DATA EXCERPT>
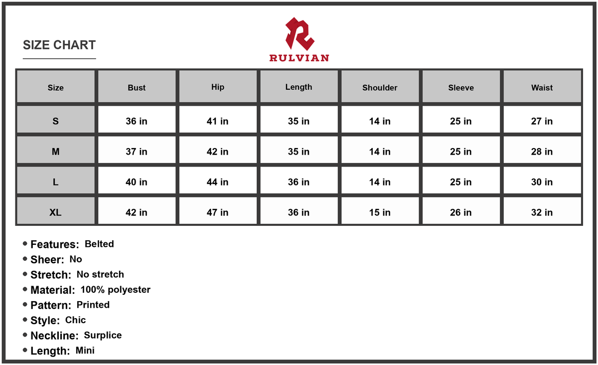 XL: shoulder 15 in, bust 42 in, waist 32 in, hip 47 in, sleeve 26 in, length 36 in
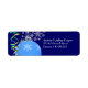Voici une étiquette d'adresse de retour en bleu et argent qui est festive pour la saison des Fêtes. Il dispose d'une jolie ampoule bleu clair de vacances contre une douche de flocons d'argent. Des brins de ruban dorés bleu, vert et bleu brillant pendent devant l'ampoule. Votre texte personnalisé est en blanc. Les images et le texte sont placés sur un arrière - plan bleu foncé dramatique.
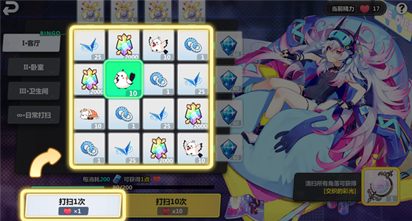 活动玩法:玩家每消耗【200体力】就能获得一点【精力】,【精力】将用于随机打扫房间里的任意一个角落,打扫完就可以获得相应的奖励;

EXERCISE GOAL> All of the listing above has to be reproduced exactly, though without its images.

WORKED SOLUTION>
 XL: shoulder 15 in, bust 42 in, waist 32 in, hip 47 in, sleeve 26 in, length 36 in
Voici une étiquette d'adresse de retour en bleu et argent qui est festive pour la saison des Fêtes. Il dispose d'une jolie ampoule bleu clair de vacances contre une douche de flocons d'argent. Des brins de ruban dorés bleu, vert et bleu brillant pendent devant l'ampoule. Votre texte personnalisé est en blanc. Les images et le texte sont placés sur un arrière - plan bleu foncé dramatique.
 活动玩法:玩家每消耗【200体力】就能获得一点【精力】,【精力】将用于随机打扫房间里的任意一个角落,打扫完就可以获得相应的奖励;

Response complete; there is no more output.